The Shartan was ruled by the lesser prisoners, those that were too weak to warrant true bindings on their hands and shackles on their minds. When the soothsayers crafted the Shartan, their delicate threads formed the fabric upon which the they projected their filth, and the more they stayed inside the holy prison, the more they changed to belong. They kept each other in line - their lack of fortitude and baseness made them feast on each other, and none of them ever thought to imagine that they could combine their strengths to escape. They were parasites of Viridos - creatures that truly had nothing to offer, and only existed to take. To such an individualistic, self-centered, empty mind, the flesh that moistened their lips was all the same, and they happily stalked the brambled paths of the Shartan.
Broadly, there were two kinds of vermin. Those that knew to stay away from Haakon, and those that wandered into his fist of rusted nails and twisted metal. After such a long imprisonment, Haakon greedily squeezed and drank the nourishment from their bodies. To a creature like Haakon, the Shartan's puzzle was sapling's play, after existing inside the special microcosmic prison that the soothsayers had wrapped around his soul. Haakon stalked forward, splashing along the winding river of white to the exit.
Haakon was unlike any other. Sometimes, when a tool is forged it becomes imbued with a special fortitude. It could lose its working edge, or its joints could rust frozen. Yet with only a little maintenance, its jaws ate through wood better than a bargain twice as sharp. Its core has fundamental strength. Haakon believed that he was the lone rogue, a prophet of a cause higher than Kairos, the only recipient of Ilium's true message - a return to the basic law, a law of well defined heirarchies and simple, pure roles. Yet, Kairos' lieutenant had cleverly twisted Haakon into the antithesis of his preachings, but he did not know because he had never looked into a mirror. This lieutenant did not believe in Kairos either, and saw a way to create conflict to open a wedge that he could drive himself into. As Haakon continued on his murder-preachings, he inevitably came into conflict with the forest-kin. Each time, the lieutenant healed him with metal, sewing his splintered limbs with iron thread and nailing metal plates over his bark. Eventually, such gross hypocrisy could no longer go unnoticed by the poisoned jungle, and as one it came together to throw him into the Shartan, seeing Haakon as some twisted avatar of an Eastern Old One, or even some bizarre horror from the Deadlands where such things were common.

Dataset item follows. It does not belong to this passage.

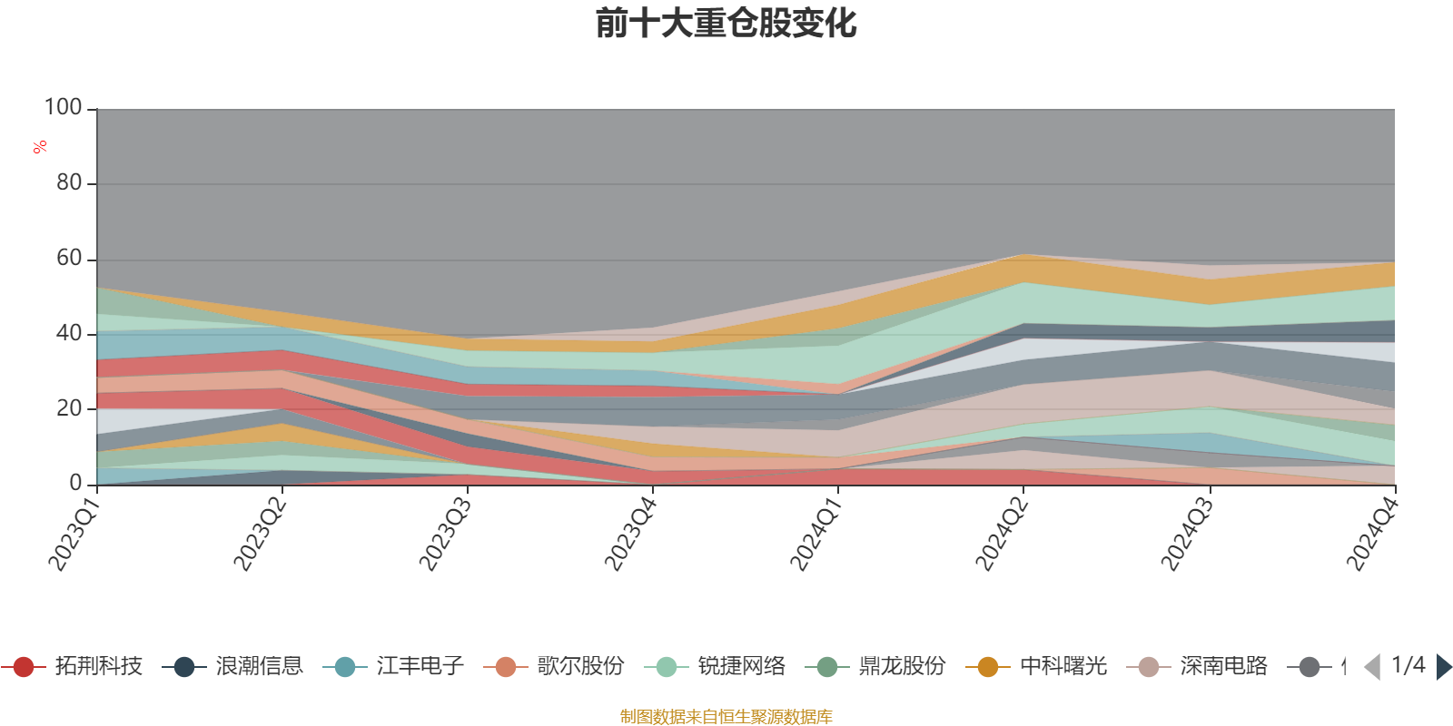 截至2024年末,基金十大重仓股分别是沪电股份、立讯精密、腾讯控股、新易盛、小米集团-W、工业富联、深南电路、海光信息、中际旭创、宁德时代。

Time healed all wounds though, and Haakon assimilated the metal, camoflouging it in rust and buttressed roots. Few would recognize the forest-kin by sight, but his self-righteousness was overpowering.
Fog clouded Haakon's eyes. He blinked, but could not tell if it was his old yes, or if the Shartan was still playing tricks on him. Haakon contemplated suicide, ripping his heart out - but even death was a sham here, no guarantee of anything. Most of the Shartan's occupants were irreversibly divorced from the world, except for the few that had a strong enough grudge to continue. Like that black unicorn.
The exit came ever closer.
~
Edelon was quiet. It was beyond quiet: it was still. The weight of superstition sat upon the dusty city like a heavy cloth. In the ruins of a great theologians library, Vydus and the rest of the detachment settled in for the night. Lately, Tattersal had banned the use of fire - an invention of the East, and unneeded for a forest-kin. Some of the younger ones were fitful in the dark, and Naya sat in a corner sparking flints. The library still had a gentle splendor that held the aux-eater's malaise at bay, although their carapaces littered the shelves. The room was lit by the vanishing glow of some aux, and they played among each other, sometimes taking a break to push the aux-eaters into small piles around the room.
Naya watched the aux and wondered why there was such an endless variety. They were as unique as the crux, but their shape had reason. Naya often thought about them, after watching crux twist and contort in wretched agony. She passed a hand through her hair, but only felt the bare skin of her scalp. The scholars never taught them what aux was - no one had ever thought about or studied them, because their presence was as natural as the crux. Yet ... yet the aux never interacted with their world. The aux was more like a tether to some unseen plane that showed itself between blinks, or glimpsed over the shoulder. Naya moved her hands through her aux and watched the strands of hair wave and blow in delayed response to her fingers, as if she was brushing them in water. Almost as if it was a projection of her mind.